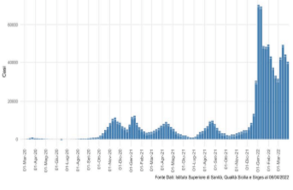 Nella settimana dal 28 marzo al 3 aprile continua a registrarsi un lieve decremento dei nuovi contagi. L’incidenza è pari a 40.331 (-8.49%), con un valore cumulativo di 834.37/100mila abitanti: il tasso di nuovi positivi più elevato rispetto alla media regionale si è registrato nelle province di Messina (1.238), Trapani (935), Agrigento (909) e Caltanissetta (904). Le fasce d’età maggiormente a rischio risultano quelle tra gli 11 e i 13 anni (1.325/100mila abitanti), i 6 e i 10 anni (1.321) e tra i 14 e i 18 anni (1.213). Le nuove ospedalizzazioni tornano nuovamente a diminuire e i tre quarti dei pazienti ricoverati nella settimana risultano non vaccinati o con ciclo vaccinale non completato.
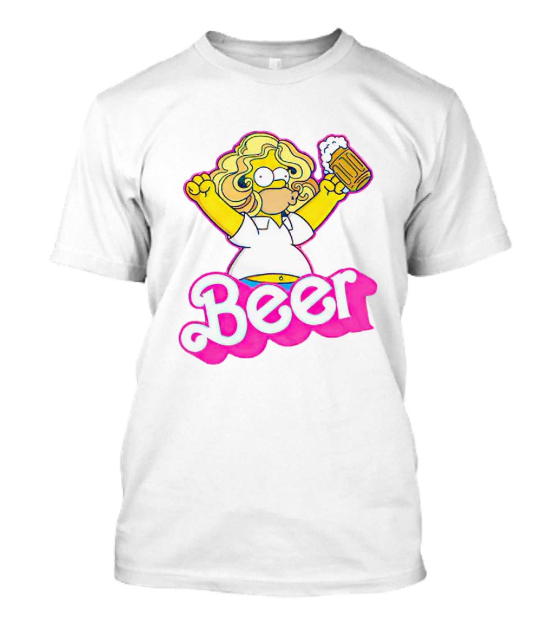 The Barbie Homer Simpson Beer Mug T-shirt is designed for everyday wear and a consistent fit. Fabric is pre-shrunk ring-spun cotton with durable stitching. See the size chart below for exact measurements.
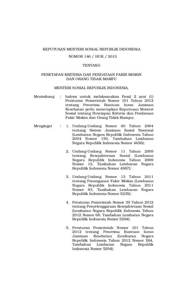 Hal ini sesuai dengan UU 13 Tahun 2011 tentang Penanganan Fakir Miskin Pasal 11 2 yang menyebutkan bahwa Data Terpadu yg telah ditetapkan menjadi dasar bagi Pemerintah dan Pemerintah Daerah untuk memberikan bantuan danatau pemberdayaan sosial. Perubahan atas Peraturan Menteri Sosial Nomor 25 Tahun 2013 tentang Kelas dan Nilai Jabatan Pegawai di Lingkungan Kementerian Sosial Berita Negara Republik Indonesia Tahun 2016 Nomor 1671. Peraturan Menteri Sosial NO.
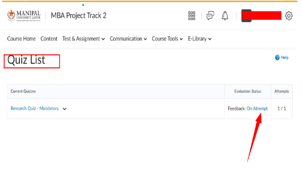 - Steps to access the quiz: Test & Assignment → Quizzes
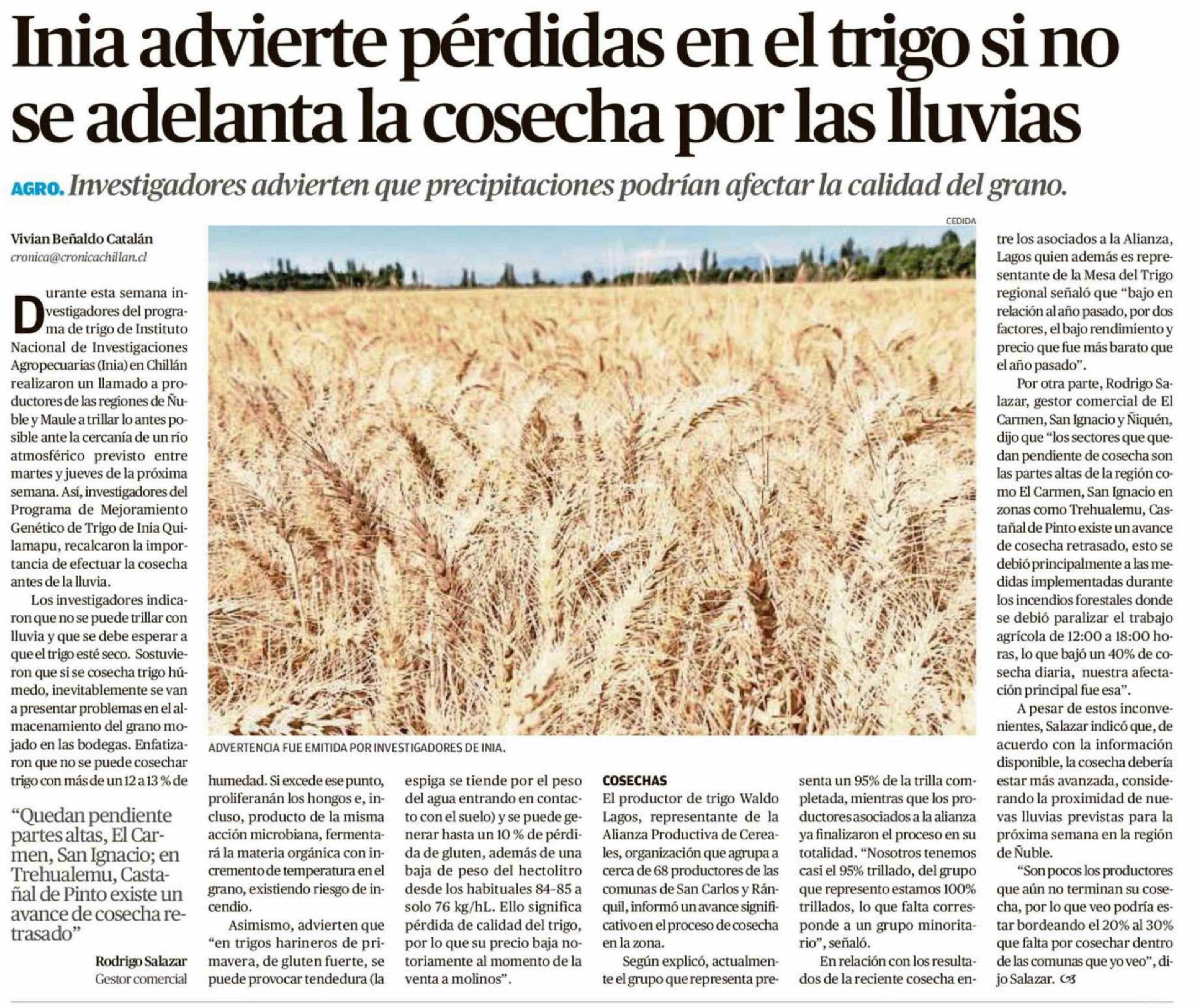 Inia advierte pérdidas en el trigo si no se adelanta la cosecha por las lluvias
====================
-- WORK REQUEST --
The answer must be the lines above, word for word, from the first one through the line with "The Barbie Homer", pictures excluded.

-- RESPONSE FOR THIS EXERCISE --
 Nella settimana dal 28 marzo al 3 aprile continua a registrarsi un lieve decremento dei nuovi contagi. L’incidenza è pari a 40.331 (-8.49%), con un valore cumulativo di 834.37/100mila abitanti: il tasso di nuovi positivi più elevato rispetto alla media regionale si è registrato nelle province di Messina (1.238), Trapani (935), Agrigento (909) e Caltanissetta (904). Le fasce d’età maggiormente a rischio risultano quelle tra gli 11 e i 13 anni (1.325/100mila abitanti), i 6 e i 10 anni (1.321) e tra i 14 e i 18 anni (1.213). Le nuove ospedalizzazioni tornano nuovamente a diminuire e i tre quarti dei pazienti ricoverati nella settimana risultano non vaccinati o con ciclo vaccinale non completato.
 The Barbie Homer Simpson Beer Mug T-shirt is designed for everyday wear and a consistent fit. Fabric is pre-shrunk ring-spun cotton with durable stitching. See the size chart below for exact measurements.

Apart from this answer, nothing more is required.